Current case counts for A/H3N2 variant is 289, with 15
hospitalizations and now finally we see our first fatality. The
hospitalization rate is 5.2%, which is more than 10 times the
hospitalization rate of pandemic H1N1. It is notable that we initially
projected a "ballpark" estimate of more than 15,000 cases before we would see our
first fatality, if the pediatric fatality rate was approximate to that
of pandemic H1N1 (i.e. 0.006%- see below). That is no longer the case. Obviously, observation of fatal cases can occur at any time within a sample size of 15,000.
CDC's estimates for cases, hospitalizations, and fatalities for the 2009 H1N1 pandemic are as follows:
Total cases (all ages): 61 milllion
Total hospitalizations (all ages): 274,000 (0.4%)
Total fatalities (all ages): 12,470 (0.02%)
Total pediatric cases: 20 million
Total pediatric hospitalizations (all ages): 87,000 (0.4%)
Total pediatric fatalities (all ages): 1,280 (0.006%)
Current CDC estimates for influenza A/H3N2 variant are as follows, which were posted 4 days ago:
289 cases since July 2012
15 hospitalizations (5.1%)
1 fatality (CFR 0.3%)
Therefore, current statistics place influenza A/H3N2 variant at more than 12x and a fatality rate 50x that of pandemic H1N1.

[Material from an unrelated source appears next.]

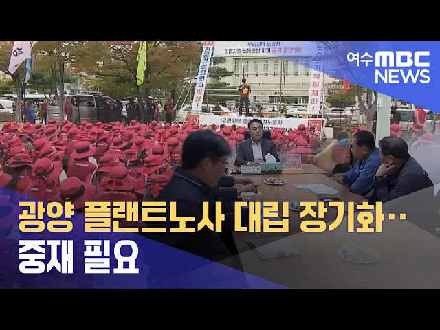 ◀ 앵 커 ▶광양제철산단 공사 현장에서일하는 플랜트건설 노동자와 사측이7개월째 대립하고 있습니다.노조가 노조원을 징계하고이를 사측에 보고하라는 조항을 두고양측이 입장 차를 좁히지 못하고 있습니다.유민호 기자입니다.◀ 리포트 ▶서울 포스코센터 본관.광양 플랜트건설노조가건물 진입을 시도합니다.직원과 몸싸움이...

The question is, "how accurate are these stats?" We of course only know what we clinically recognize and test for. After years of monitoring influenza, one is reminded of the tremendous uncertainty associated with the ever-elusive denominator.
This has now become the "Super Bowl" of emergency public health. If HHS is able to recognize this agent going "hot" fast enough (i.e. recognition of sustained human-human transmission) to execute production of vaccine ahead of a wave of transmission, then public health will claim a major and significant victory. There is no guarantee this will happen, of course.
Influenza A/H3N2 variant is top infectious agent that should be on any operational biosurveillance analyst's radar.